Trading one asymmetry for another?

Two decades back, you had a definite edge in stock markets, if you were close to the source of info. Over a period of time, technological advancement ensured that this information asymmetry was a thing of the past. Today, for most part, information is secondary to skill and decision making. It could be said that, AI is having the same effect on experience as well, as an AI model that has been trained on the data that counts as experience, can provide equally good, if not better, insights shifting the asymmetry towards the ability to have and maintain an AI model. That said, our opinion is that at present, AI is more of a decision enabler and may not fully replace experience, as it is a contextual adaptation to situations, based on ethics, morality, emotional intelligence, creativity, intuition etc.
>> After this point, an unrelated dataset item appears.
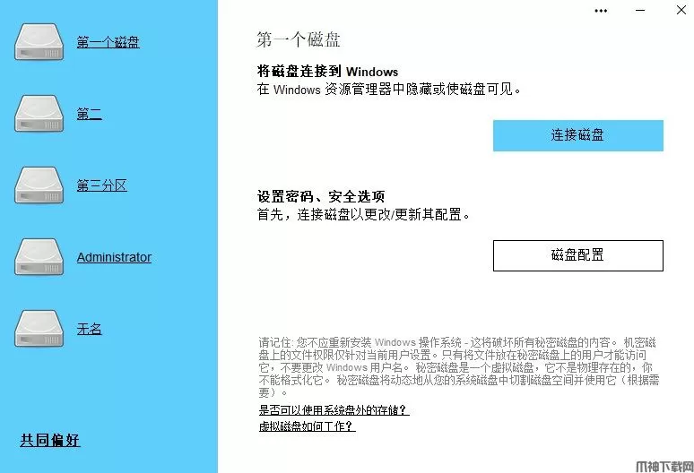 如遇停电或Windows故障秘密磁盘将被锁定在下次系统启动。因为它会自动进行秘密磁盘信息保存在内存中,如果内存没有秘密磁盘将无法恢复在下次系统登录。这增加了最大程度的保护您的文件位于磁盘上。
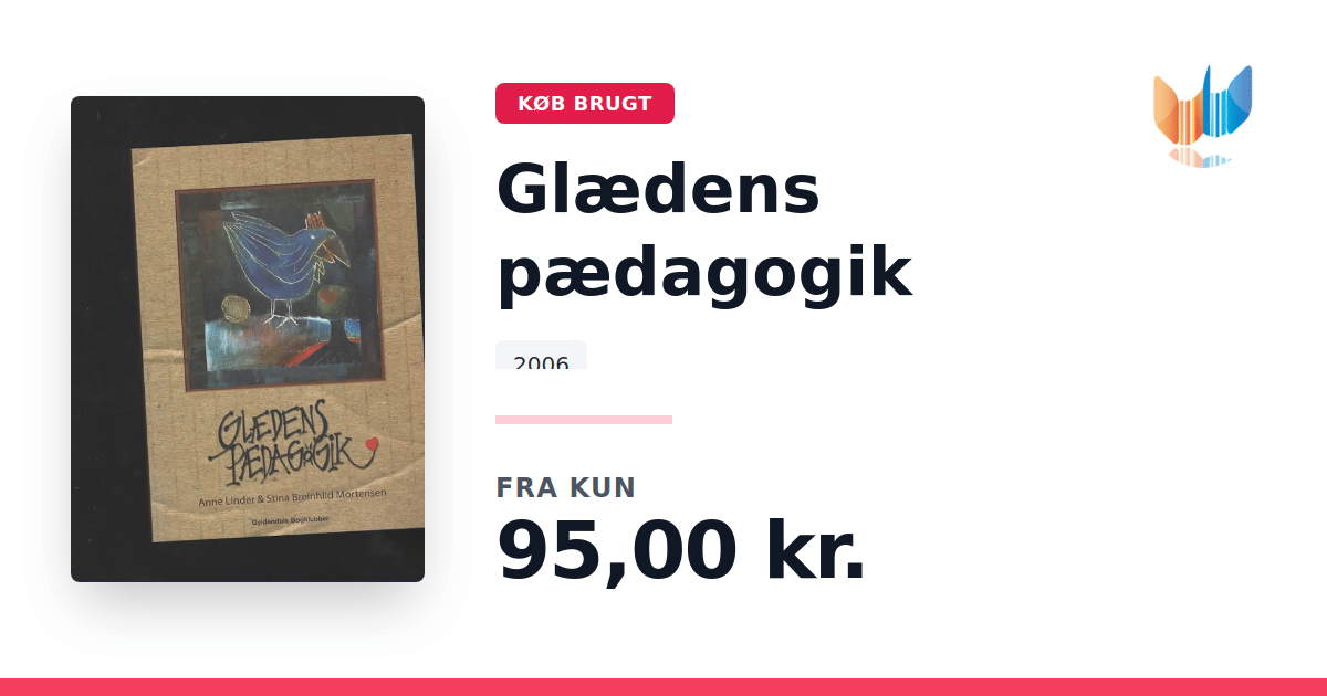 Lige nu kan du købe "Glædens pædagogik" til kun 95,00 kr. Bogen du ser her er brugt, og i perfekt stand. Vi har i øjeblikket 2 eksemplarer til salg af "Glædens pædagogik", så husk at se de forskellige udgaver.

The main advantage of humans is adaptability as we can adapt to situations based on the impact or effect of certain outcomes. When an AI model encounters a situation for which there is no training data to bank on, then it will struggle. In such situations, an intelligent agent can also take decisions by interacting with its environment. This is called Reinforcement Learning, but this is at an evolving stage.

AI in Technical Analysis

But within the aforementioned limitations, AI models can be trained to adapt to dynamic market conditions, which may be hard for the human mind to process in real time. For example, Bollinger bands conventionally use 2 standard deviations on either side of a 20-day simple moving average, thus giving support and resistance levels, while also suggesting overbought and oversold signals. However, the applicability of such signals depends on the condition of the market at the point, and one could change the standard deviation depending on prevailing trading range. Another situation can be thought about in the case of RSI, an oscillator whose values range from 0 to 100, with values below 30 pointing to oversold conditions and those above 70 pointing to overbought conditions. However, the applicability of such oversold and overbought conditions depends on whether the asset is an oscillating trend or not. The indicator becomes less insightful in a trending market. An intelligent model can adjust its inferences dynamically by studying the oscillating/directional nature of the trend, while also changing the oversold and overbought extremities dynamically again to get the optimal turnaround point, based on back tested data. 

A sweet problem to have?

The ability to layer in multiple indicators and adjust parameters dynamically is a powerful tool. The challenge again is decision making.  Now, imagine that your intelligent model tells you about a trading set up that has 88% probability of success. Surely, this is a no brainer. Imagine, if the model also adds that there is very low probability that loss incurred could wipe out your entire trading capital. How would you decide on the trade? As models become intelligent, risk management will continue to be key. Decision making will still be a headache humans could continue to bear.